Главный из комиссии помимо того, что много лет преподавал в институте, был худруком малого академического и знал, о чем говорит.
Не знал он только одного: без сцены я не хотел жить.
Понимаю, звучит очень театрально. Но момент был не тот, чтобы, рассказывая о нем, следить за речью.
Постепенно начало вечереть. Воздух становился менее прозрачным, удлинялись тени. Одуряющий запах цветущей сирени сгущался в безветрии. Людей вокруг уже почти не было и я тоже начал думать, что надо вставать и уходить. Совершенно не хотелось шевелиться, но сидеть здесь и дальше было бы совсем глупо...
И в этот момент на лестнице появился тот самый знаменитый худрук. Я увидел его только когда он подошел почти вплотную.

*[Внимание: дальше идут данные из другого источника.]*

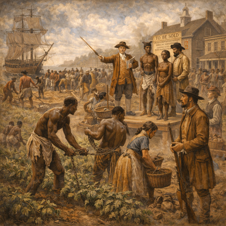 Millions of Africans were forcibly transported to the Americas and enslaved. Their labor powered colonial economies and built enormous wealth while denying basic human rights.
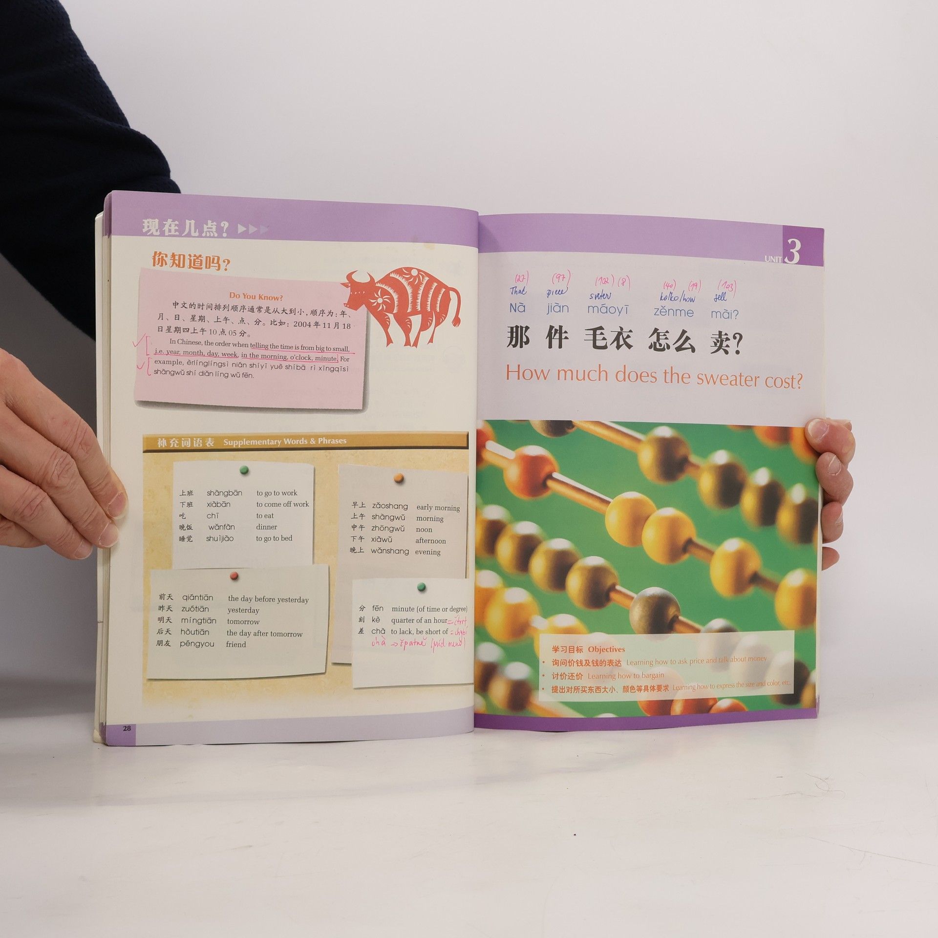 Experiencing Living in China is a language book especially written for foreign beginners of the Chinese language. It is suitable for adults who want a short course for learning Chinese. It provides material suitable both for short-term classes and for one-on-one teaching. The book incorporates the concept of learning-through-experience and functional language learning. It is designed to meet the basic requirements for daily social communication, and focuses on the training and listening and speaking skills. The book consists of one Pronunciation cap, and 12 units, totaling 40-50 teaching hours. Lesson 1: Hello; Lesson 2: What time is it now; Lesson 3: How much does the sweater cost; Lesson 4: I'd like a fried diced chicken with peanuts; Lesson 5: What do you do; Lesson 6: Is Jenny in; Lesson 7: Go straight ahead; Lesson 8: Where is your new house; Lesson 9: What's the matter with you; Lesson 10: Can you repair a Lesson 11: It's too cold; Lesson 12: Please clean the table.
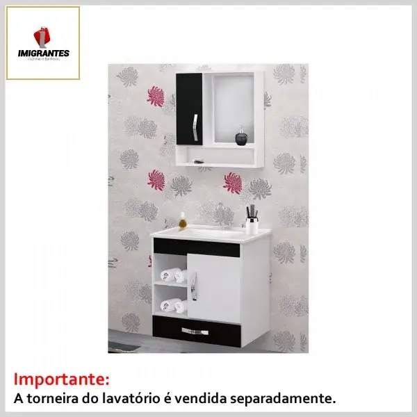 Kit Banheiro Toucador +Espelheira 0.60 Valência Preto - Larg. 60cm (54.0ᴸx37.0ᴾx57.0ᴬcm) - Imigrantes
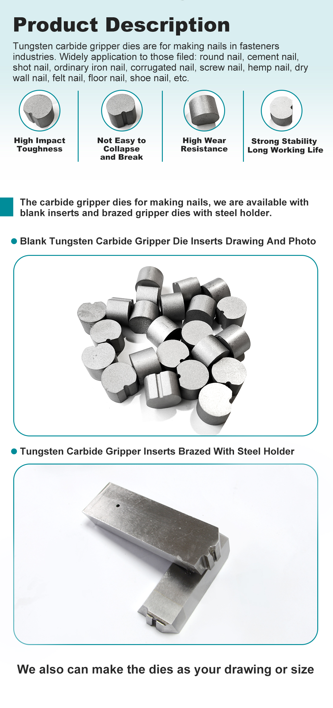 - The Tungsten carbide gripper dies is for making nails in fasteners industries. Widely application to thoses fileds: Round nail, cement nail, shot nail, ordinary iron nail, corrugated nail, screw nail,

Я не называю здесь его имени. Те, кто знает театральную кухню, уже поняли, о ком идет речь, а остальным его имя ничего не скажет, тем более, что сейчас он живет в другой стране и занимается совсем другими делами.
- Молодой человек... - сказал он мне и замолчал.
Я встал перед ним и начал отряхивать штаны. Я не то чтобы робел, было слишком все равно, но ведь это был очень известный и уважаемый человек...
- Вы приходили к нам четырежды, - продолжил он наконец. Я кивнул, но он не ждал подтверждения. - Вы отказались переводить документы в другие вузы, несмотря на то, что по баллам общеобразовательных дисциплин могли сделать это довольно легко. Вы так хотите играть?
Я снова кивнул, потому что сказать ничего не мог. В горле стоял тугой комок - но не слез, а какой-то странной решимости.
- Вы - сын?.. - и он назвал имя моей матери.
Я кивнул в третий раз и наконец разлепил губы:
- Она сейчас на гастролях...
Получилось тоненько и сипло. Уроки актерской речи тоже прошли впустую.
- Она знает, что вы пытаетесь поступить к нам?
- Нет. Она против. Она хочет, чтобы я стал экономистом.
- Если верить аттестату, ваш уровень знания математики это позволяет.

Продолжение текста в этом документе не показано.